CHAPTER XIV

PEDDLER LIFE IN CHINA

The Chinese thrifty—Nothing wasted—Besides regular shopkeepers, there are itinerant dealers—The “candy man”—His various kinds of sweets—The “sweets and sours man”—The cloth peddler—Describe him minutely—The pork peddler—The jewellery peddler—The fortune-teller.

The Chinese are a thrifty race. Stern necessity and a widespread poverty that has placed vast masses of them on the very borderland of starvation, have compelled the nation to exercise economies such as are absolutely unknown in the richer lands of the West.
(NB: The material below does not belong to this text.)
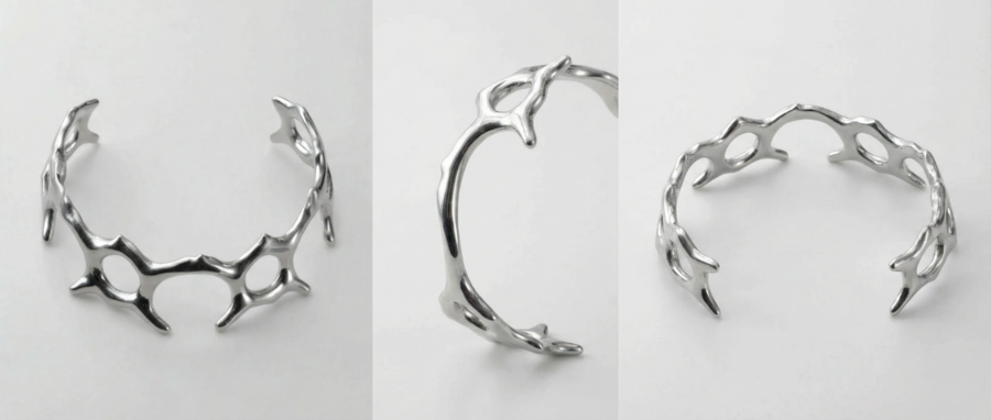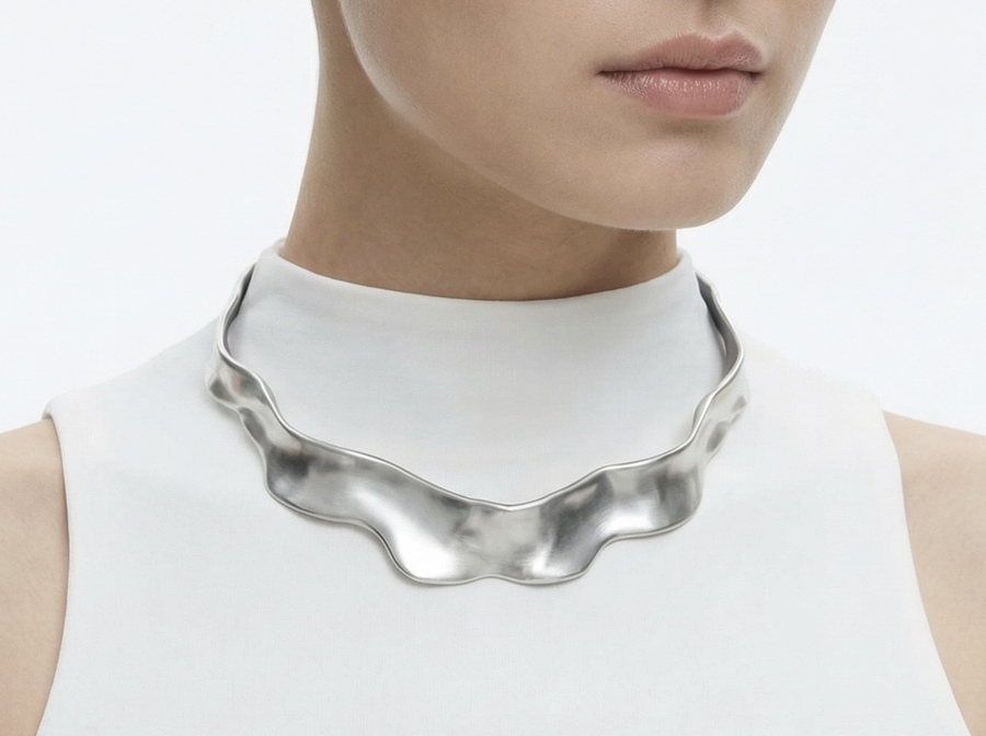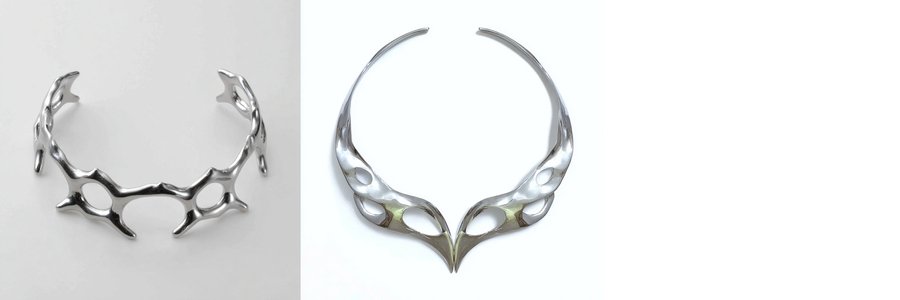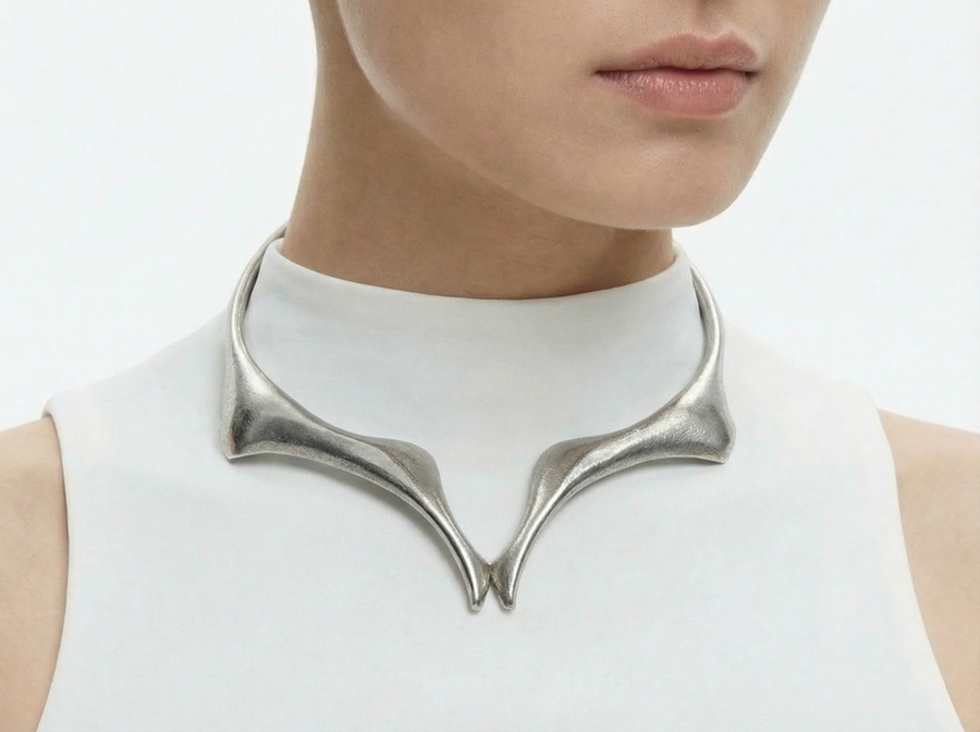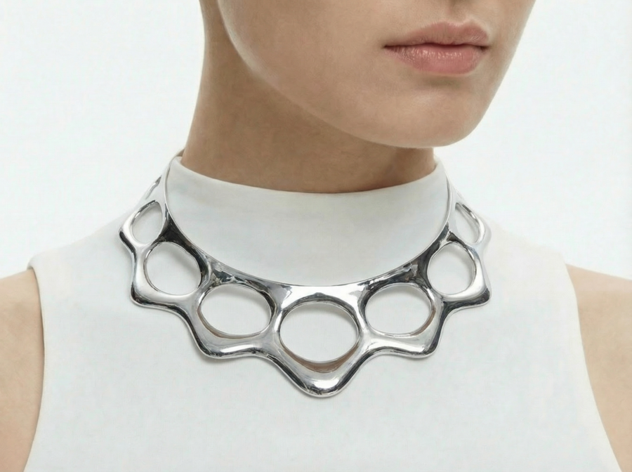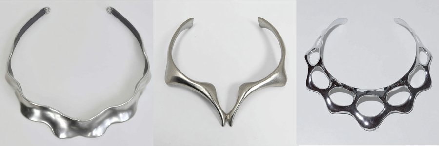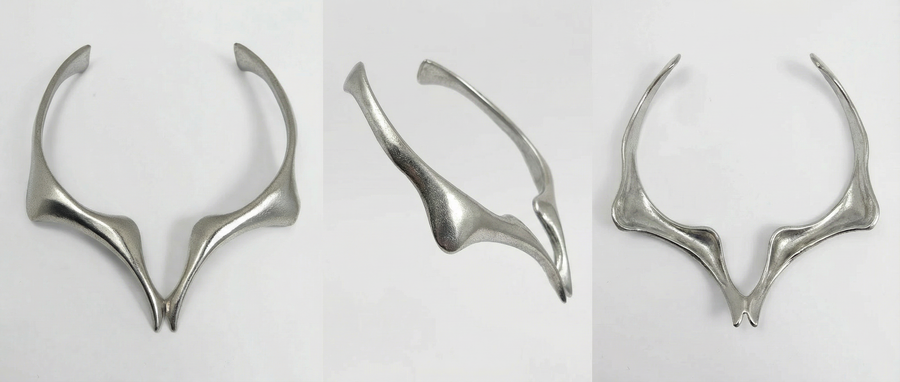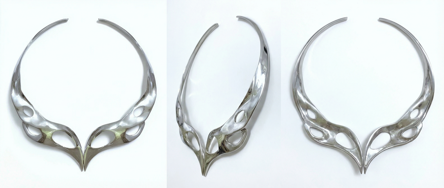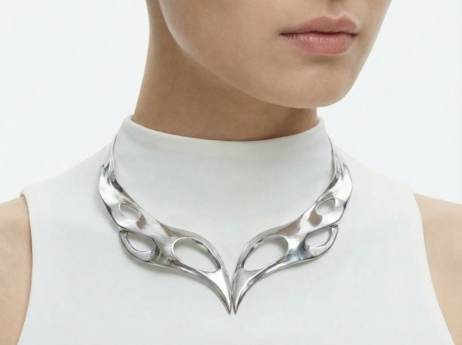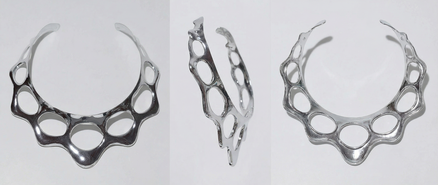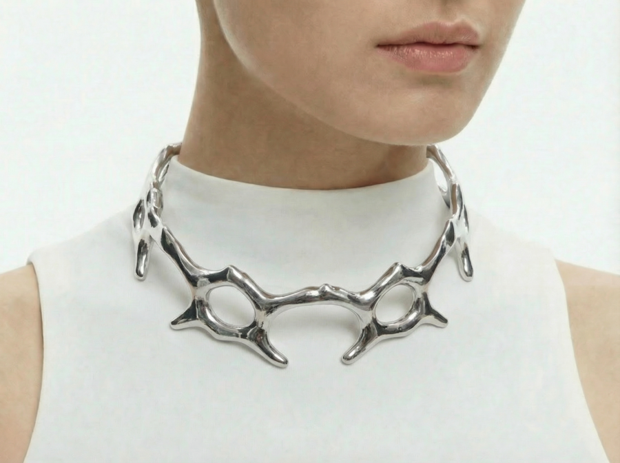 Ожерелья из коллекции «BIOFRACTAL» исследуют фрактальность живой природы — повторяющиеся узоры, которые встречаются в костных структурах, сотах, корнях растений и микроскопических организмах. Металл ведёт себя как органическая ткань: он не геометричен, а растёт, ветвится и перетекает.

We get some idea of the narrow line that divides countless numbers of people from absolute want, by the fact that with regard to food there is nothing of that ever wasted in China. “Wilful waste brings woeful want” is a proverb that Chinese in common life would have great difficulty in understanding, or indeed in any rank of society. The famines that have in all ages desolated great regions in China, and the desperate struggle that is constantly going on for simply enough to eat, have surrounded food as it were with a halo, that would make it seem like sacrilege to misuse what we should throw away as useless or positively hurtful.

A PEDDLER.

A SHOEMAKER AT WORK ON THE STREET.

To face p. 296.

On one occasion, I was travelling in the interior, when I was disturbed by a violent explosion of wrath on the part of the captain of the boat. He was evidently incensed beyond measure with one of the members of the crew, and he used the strongest language in condemnation of him. They were all gathered round the great rice pan having their evening meal, and with every mouthful that was taken out of the bowl that contained the condiment to go with their rice, the anger of the captain blazed out in a fresh burst of indignation. “What is the matter,” I at last asked, “and why are you making such a row over your meal?” “Matter!” he replied, “there is a great deal of matter, that is quite enough to make one as angry as I am. Do you see this man?” he said, pointing with his chopsticks to the delinquent upon whom his wrath was being expended. “I sent him this afternoon to the market to buy some oysters to eat with our rice this evening, and he had not the sense or the nose to buy good ones. He allowed the dealer to cheat him most egregiously, for the oysters are not simply tainted—which would not have seriously mattered—they are positively stinking, and the taste is so offensive that we can hardly get them down without being sick.” “But are you really going to eat them?” I asked, with a look of consternation on my face. “Eat them! of course we are; you would not have us waste the food, would you? We have paid for it, and we certainly could not afford to lose our money,” and the whole crew went on popping the unsavoury, unhealthy morsels into their mouths, grumbling all the time at the man who was the cause of their discomfort, but who in order to cover his mistake pretended to be perfectly satisfied with the almost putrid oysters that one could smell from a distance.